Marktzugang deutlich erleichtert

In der Vergangenheit hatte China ausländischen Unternehmen nur sehr begrenzt Zugang zu seinem Gesundheitsmarkt gewährt. „Zulassungszeiten von bis zu sieben Jahren und mangelnde Klarheit über Studiendesigns und zulassungsrelevante klinische Endpunkte haben es schwierig gemacht, Arzneimittel in China auf den Markt zu bringen“, sagt Bösch. „Internationale Unternehmen mussten Studien erst im Ausland abschließen, bevor sie die Genehmigung für eine klinische Phase-I-Studie in China erhielten.“

Das hat sich geändert. Bereits 2019 hat die Regierung in Peking die neue Richtlinie „Gesundes China 2030“ verabschiedet. Seit Ausbruch der Corona-Pandemie im vergangenen Jahr wurde die Reform nochmals beschleunigt, um das Gesundheitssystem in dem mit 1,4 Milliarden Einwohnern zählenden bevölkerungsreichsten Land der Welt zu verbessern. Ausländischen Pharmaunternehmen wurde dabei der Zugang zum Markt deutlich erleichtert.

Absatzsteigerungen für westliche Unternehmen

Zwar sind sie weiterhin gezwungen, Joint-Ventures mit chinesischen Unternehmen einzugehen. 2020 ist jedoch die Verpflichtung gefallen, dass die Direktoren der chinesischen Partnerfirmen alle Entscheidungen absegnen müssen. „Der Wegfall dieser Beschränkungen ermöglicht es nunmehr, die Organisationsstruktur von Joint-Ventures flexibler an die Bedürfnisse der Gesellschafter anzupassen“, heißt es in einer Analyse der ADWA – Allianz deutscher Rechtsanwälte in Asien.

Der chinesische Markt wird zu einem entscheidenden Wachstumstreiber für neue Medikamente und der gesamten Pharmabranche.

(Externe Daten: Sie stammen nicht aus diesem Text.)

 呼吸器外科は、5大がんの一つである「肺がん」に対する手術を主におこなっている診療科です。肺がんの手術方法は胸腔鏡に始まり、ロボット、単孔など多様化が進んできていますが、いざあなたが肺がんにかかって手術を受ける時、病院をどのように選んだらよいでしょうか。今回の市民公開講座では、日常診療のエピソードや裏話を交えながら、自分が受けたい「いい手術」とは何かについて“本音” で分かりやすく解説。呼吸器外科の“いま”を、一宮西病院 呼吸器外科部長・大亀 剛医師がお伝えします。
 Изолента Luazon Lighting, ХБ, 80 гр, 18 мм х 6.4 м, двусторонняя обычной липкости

Julian Bösch, Portfolio-Manager bei Lunis Vermögensmanagement in Frankfurt am Main

Die Öffnung des chinesischen Marktes hat westlichen Branchenunternehmen bereits zu deutlichen Absatzsteigerungen verholfen. Siemens Healthineers verzeichnete im vierten Quartal 2020 beim Absatz seiner diagnostischen und therapeutischen Geräte im Reich der Mitte einen Zuwachs von 25 Prozent auf 1,9 Milliarden Euro gegenüber dem Vergleichszeitraum des Vorjahres. Damit wuchs das Geschäft des Unternehmens in China rund doppelt so stark wie in den übrigen Weltregionen.

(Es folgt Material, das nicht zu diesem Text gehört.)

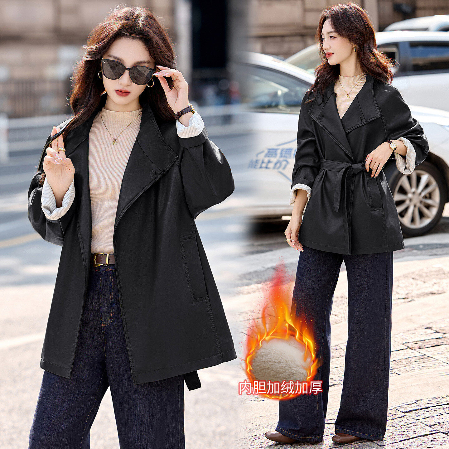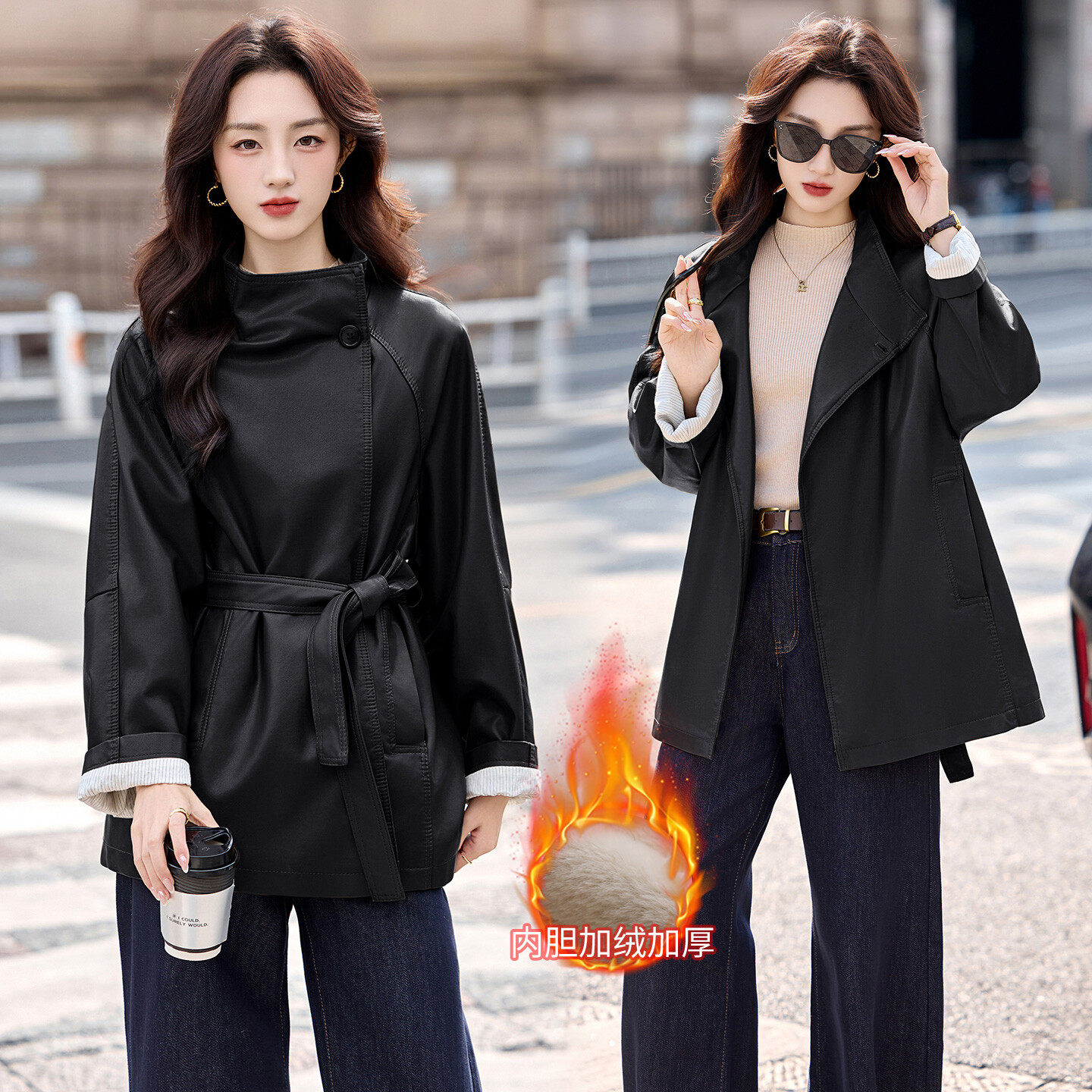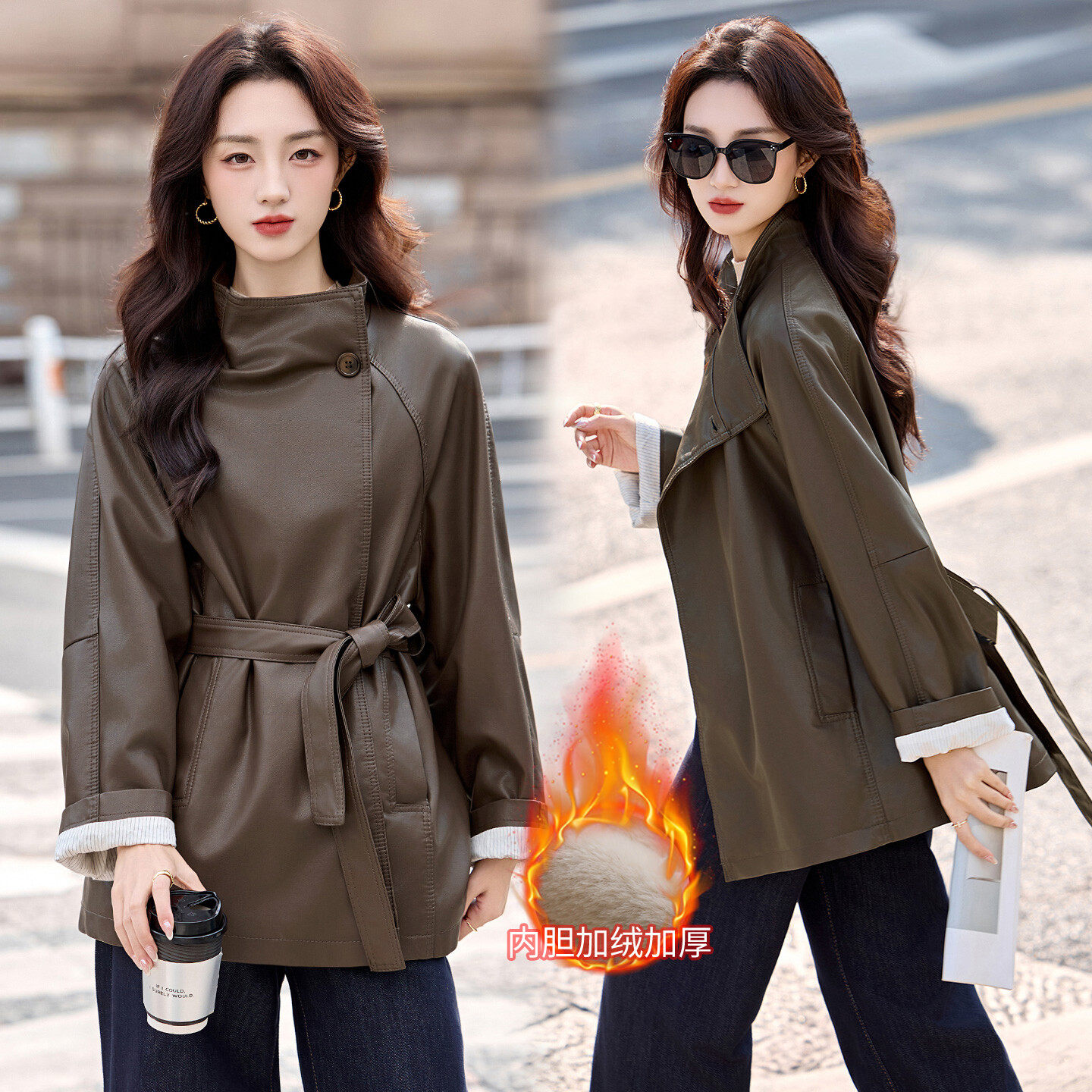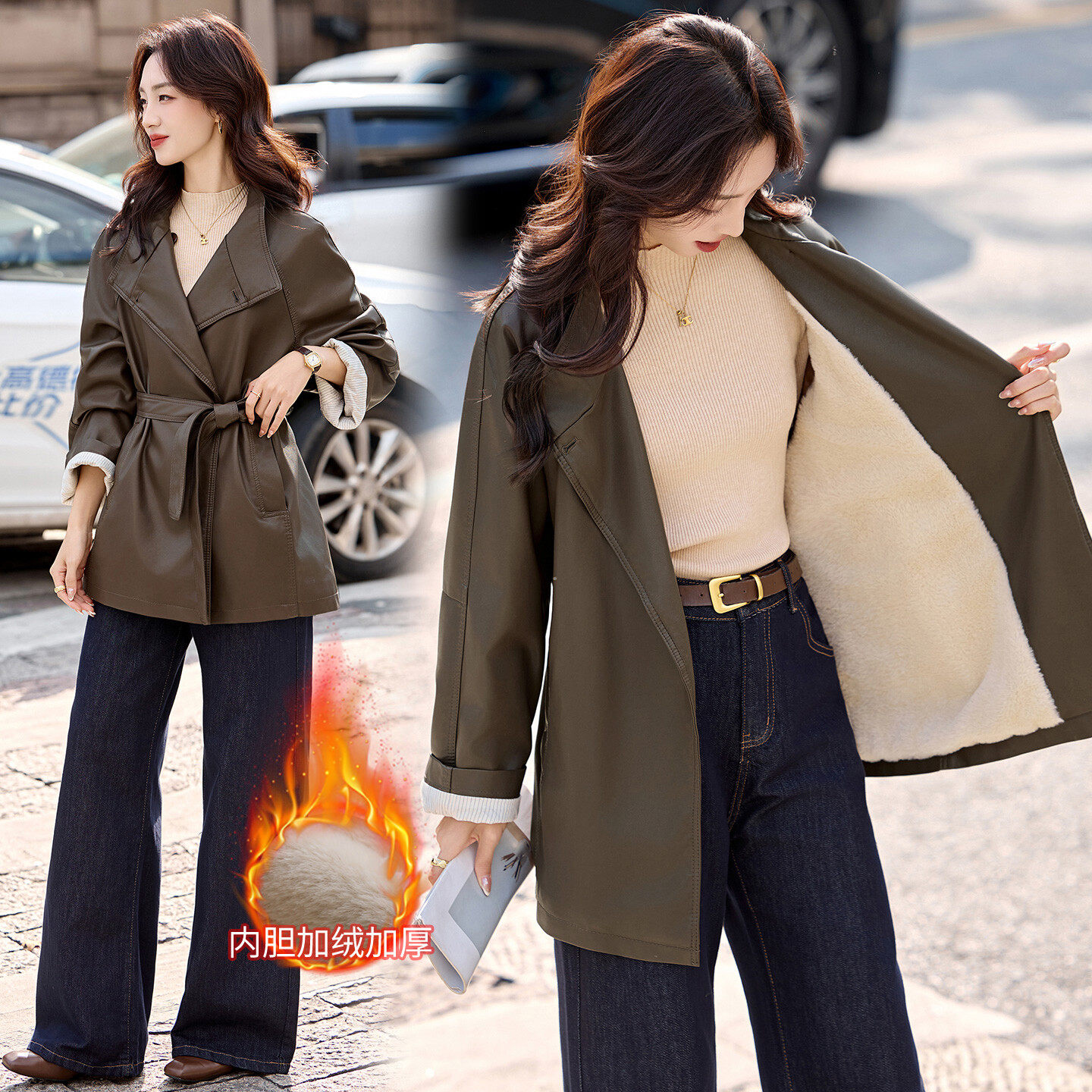 📚 美拉德加绒加厚皮衣外套女中长款韩系百搭系带风衣皮夹克

Novartis konnte 2020 seinen Umsatz in China um 16 Prozent auf umgerechnet 2,14 Milliarden Euro steigern, gegenüber einem Zuwachs von drei Prozent im globalen Gesamtgeschäft. „Bis 2024 wollen wir mit 50 neu zugelassenen Medikamenten den Umsatz in China verdoppeln“, sagt Marie-France Tschudin, Präsidentin von Novartis Pharmaceuticals, der für den asiatischen Markt zuständigen US-Tochter des Schweizer Konzerns.

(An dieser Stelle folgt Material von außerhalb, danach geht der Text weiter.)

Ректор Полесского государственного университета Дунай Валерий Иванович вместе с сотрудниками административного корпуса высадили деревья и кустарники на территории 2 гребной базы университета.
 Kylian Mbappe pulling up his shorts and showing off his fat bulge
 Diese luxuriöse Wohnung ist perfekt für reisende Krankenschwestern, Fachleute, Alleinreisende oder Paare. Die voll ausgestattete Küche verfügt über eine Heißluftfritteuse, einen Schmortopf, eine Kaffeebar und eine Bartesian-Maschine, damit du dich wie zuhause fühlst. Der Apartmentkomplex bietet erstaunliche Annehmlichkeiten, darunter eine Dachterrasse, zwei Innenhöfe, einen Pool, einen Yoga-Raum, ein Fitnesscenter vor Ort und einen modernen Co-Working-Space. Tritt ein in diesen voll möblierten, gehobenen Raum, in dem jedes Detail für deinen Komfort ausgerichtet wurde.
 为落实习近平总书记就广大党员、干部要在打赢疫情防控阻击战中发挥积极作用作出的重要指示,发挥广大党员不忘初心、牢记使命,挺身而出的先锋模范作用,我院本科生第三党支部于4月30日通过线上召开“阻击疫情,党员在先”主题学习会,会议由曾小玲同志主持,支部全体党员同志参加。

Genehmigungsbehörde reformiert

Nicht nur für Novartis, sondern auch deren Mitbewerber stünden die Chancen gut, dass die Zulassungsverfahren zügig abgeschlossen werden, sagt Bösch. „Die reformierte Genehmigungsbehörde benötigt derzeit nur etwa 120 Tage für die Prüfung von klinischen Studienanträgen und 200 Tage für die Prüfung von Zulassungsanträgen.“

Anleger, die am Wachstum des chinesischen Gesundheitsmarktes partizipieren wollen, können dies entweder über Aktien von Unternehmen, die bereits stark vor Ort aktiv sind. Oder sie setzen auf einen Fonds, der breit in internationale Pharmakonzerne investiert. „In den kommenden Jahren werden immer mehr westliche Unternehmen in den chinesischen Gesundheitsmarkt einsteigen“, sagt Bösch.

Das am längsten in China aktive Pharmaunternehmen ist der US-Konzern Johnson & Johnson, der bereits 1979 über ein Joint-Venture in den Markt eingestiegen ist. „China ist unser größter Wachstumsmarkt“, sagt Johnson & Johnson-Direktor Alex Kopitsas. Der britisch-schwedische Mitbewerber AstraZeneca ist seit 1993 in China und beschäftigt als einer der größten internationalen Pharmakonzerne im Land dort inzwischen mehr als 18.000 Mitarbeiter.